TOMORROWLAND, DEUXIÈME WEEK-END – UNE IMMERSION ÉLECTRONIQUE EN FAMILLE
Texte & photos : Christiane Comes
Boom/Bruxelles — Pour le deuxième week-end de Tomorrowland 2025, j’ai troqué ma casquette de simple festivalier pour celle de photographe accompagnant… ma propre fille. Ensemble, nous avons vécu l’expérience Global Journey, trois jours intenses de musique électronique, d’ambiances magiques et de kilomètres à pied – avec pour base un hôtel confortable en plein cœur de Bruxelles.

Alors que le package Global Journey proposait des navettes quotidiennes (départ vers 12h00, retour dès 01h00 du matin), nous avons rapidement préféré prendre notre propre véhicule. Plus flexible, plus adapté à notre rythme – d’autant que les DJ que nous voulions absolument voir se produisaient majoritairement en soirée. Cette décision nous a également évité de longs trajets à pied jusqu’aux arrêts de bus, parfois épuisants après une journée de danse.
Un rêve devenu réalité
Cela faisait trois ans que je m’étais inscrit sur Tomorrowland.com, espérant chaque année décrocher ces fameux billets si convoités. Cette fois, grâce à un package bien placé, le rêve est devenu réalité. Et je n’étais pas seul : des festivaliers du monde entier, venus de tous les continents, ont une fois de plus transformé Boom en capitale mondiale de la musique électronique.

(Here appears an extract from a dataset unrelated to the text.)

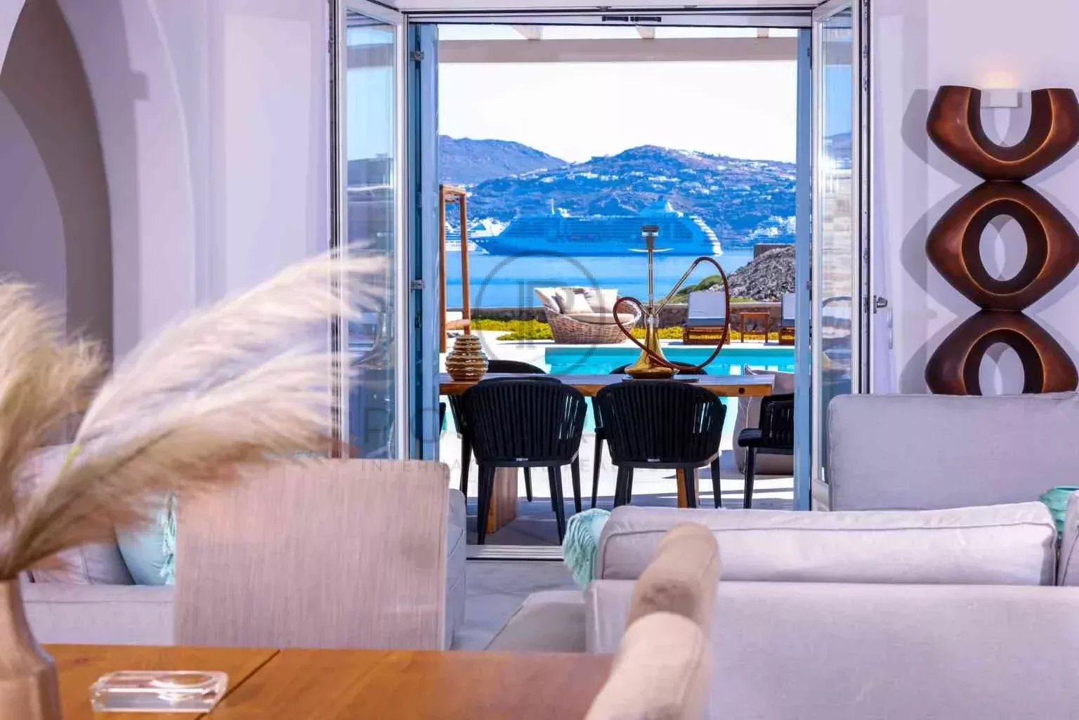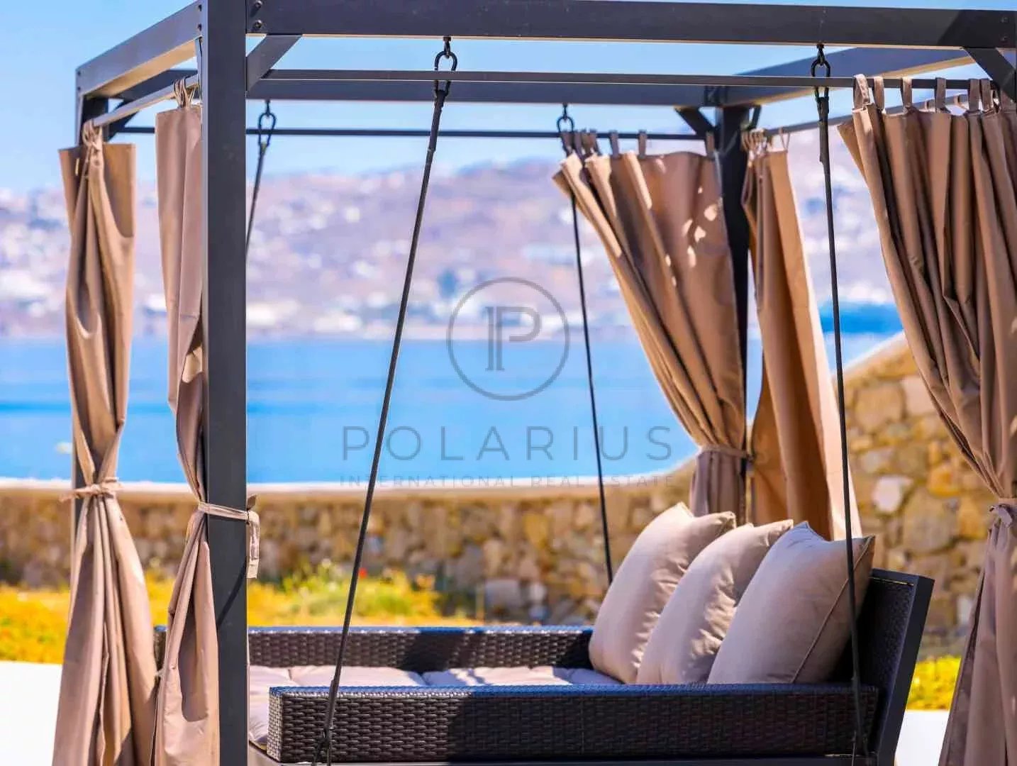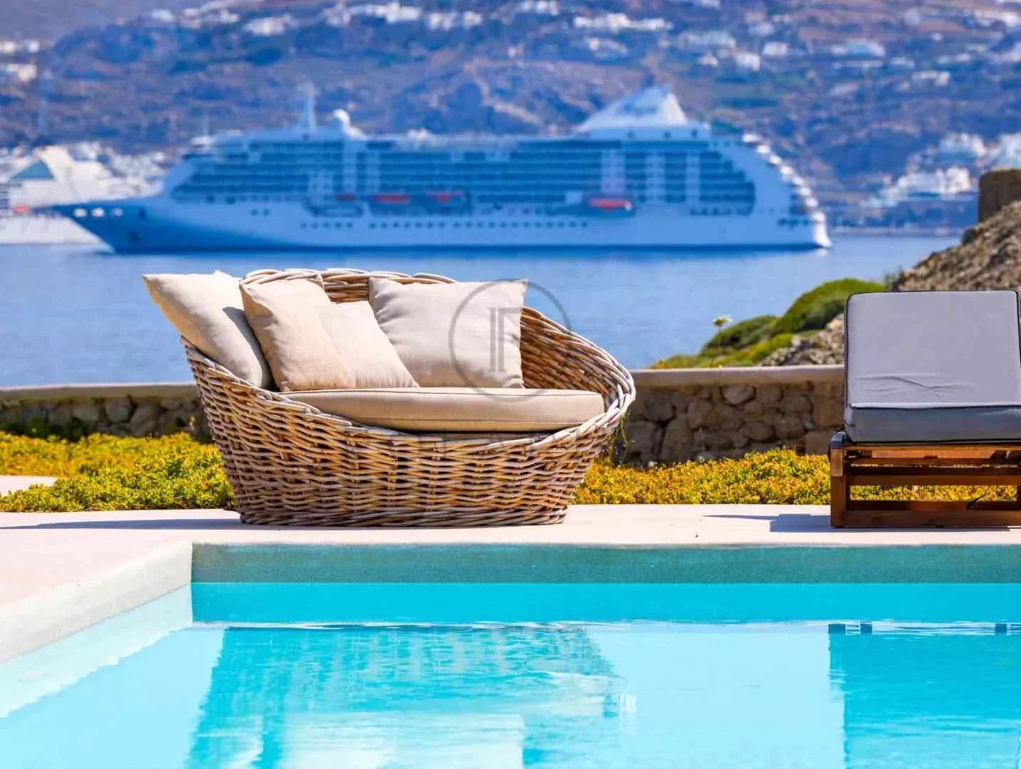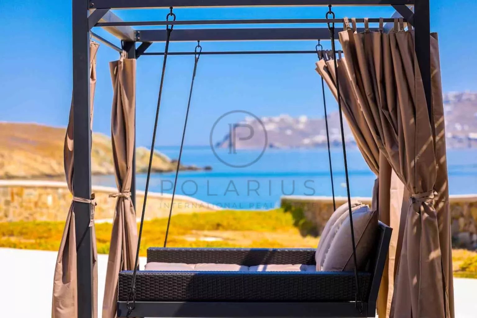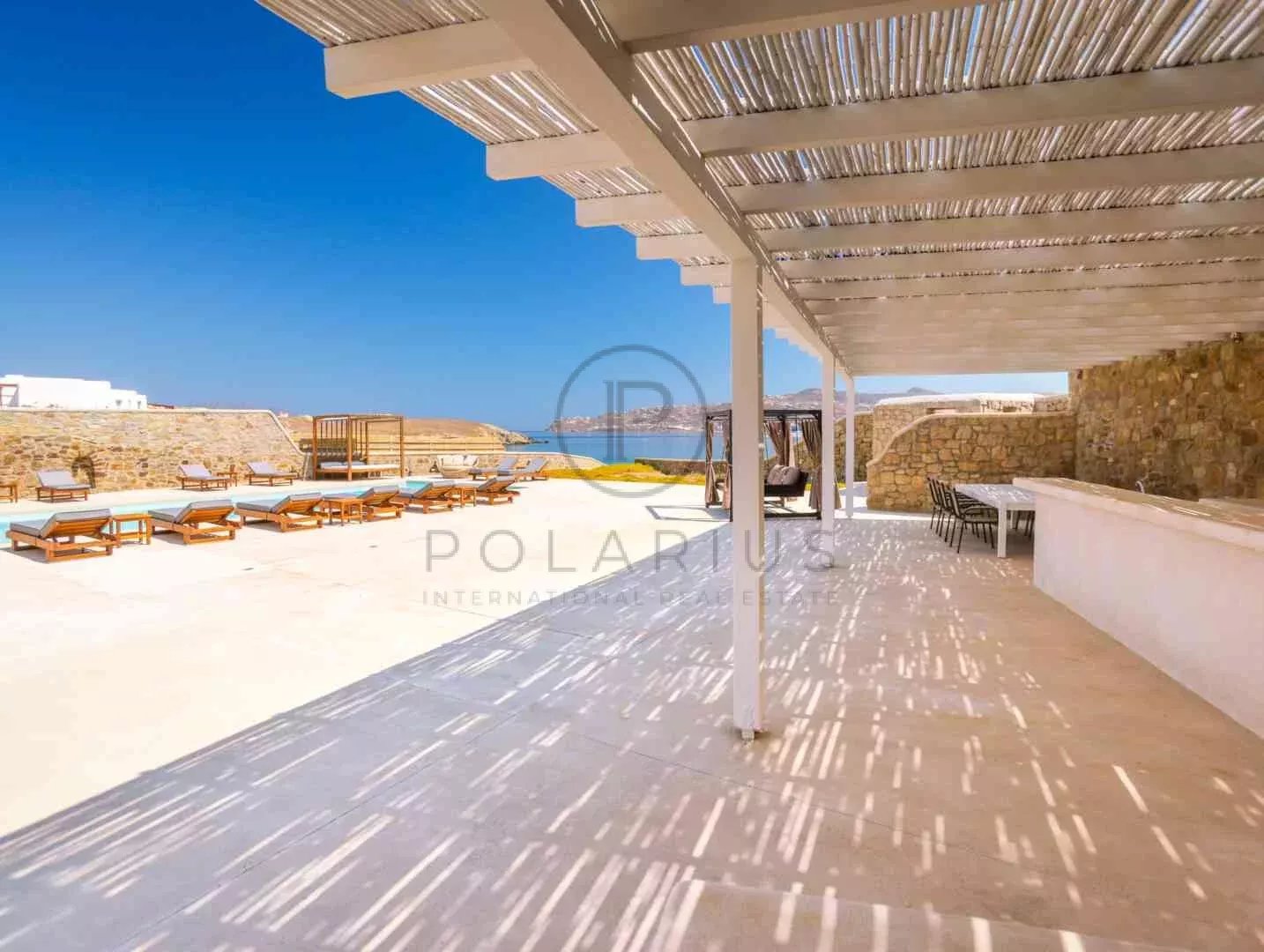 Klarer blauer Himmel und ein Privatstrand mit kristallklarem Wasser, so weit das Auge reicht, umgeben Sie von eleganten und geräumigen Loungebereichen sowie der kykladischen Architektur der Villa. Der Außenbereich erfüllt einfach in jeder Hinsicht jedes individuelle Bedürfnis in einer oasenartigen Umgebung. Das Deck schwebt fast über den Wellen und ist mit Sonnenliegen ausgestattet, ideal für Freizeittage, an denen Sie die Sonne genießen können. Ihre einzige Aufgabe besteht darin, am fantastischen Pool zu entspannen und Ihren Sinnen zu erlauben, sich von indiskreten Blicken zu befreien

Ambiance, créativité et pluie fine
Le vendredi, nous avions rendez-vous avec John Summit, figure montante de la scène house américaine, suivi du mythique trio suédois Swedish House Mafia. Ce dernier, formé par Axwell, Steve Angello et Sebastian Ingrosso, a enflammé la scène principale avec une performance aussi puissante que visuellement impressionnante. Leur retour sur les scènes majeures continue d’émerveiller les fans, mêlant anciens hits et nouvelles productions dans un set millimétré.

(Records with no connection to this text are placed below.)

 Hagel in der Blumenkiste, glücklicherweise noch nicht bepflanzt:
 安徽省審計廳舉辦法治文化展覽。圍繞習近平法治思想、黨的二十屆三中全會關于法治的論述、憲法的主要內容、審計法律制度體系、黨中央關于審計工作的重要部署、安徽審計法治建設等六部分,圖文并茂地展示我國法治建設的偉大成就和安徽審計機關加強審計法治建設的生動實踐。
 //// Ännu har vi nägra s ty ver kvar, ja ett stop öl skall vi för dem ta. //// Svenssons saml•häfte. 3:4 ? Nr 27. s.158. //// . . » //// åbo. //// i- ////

Samedi, direction le Crystal Garden, plus intimiste, pour retrouver Fisher, le DJ australien connu pour son hymne “Losing It”. Ce tube emblématique, né à Ibiza, a fait trembler les basses de Tomorrowland – au sens propre comme au figuré. Oreillettes obligatoires : les vibrations étaient si intenses qu’elles faisaient littéralement vibrer le sol. Une averse passagère n’a pas entamé la bonne humeur des festivaliers, dont les tenues rivalisaient une fois de plus de créativité, de couleurs… et parfois de folie.
Pearls, papillons et photographies nocturnes
Sur le site, les achats (boissons, repas, accessoires) se font exclusivement avec la monnaie locale du festival : les Pearls, à charger sur un bracelet connecté. Le choix culinaire est varié et qualitatif, avec des stands venus des quatre coins du monde. Pour les souvenirs, les boutiques Tomorrowland proposent une large gamme de merchandise : casquettes, t-shirts, hoodies, bijoux, sacs…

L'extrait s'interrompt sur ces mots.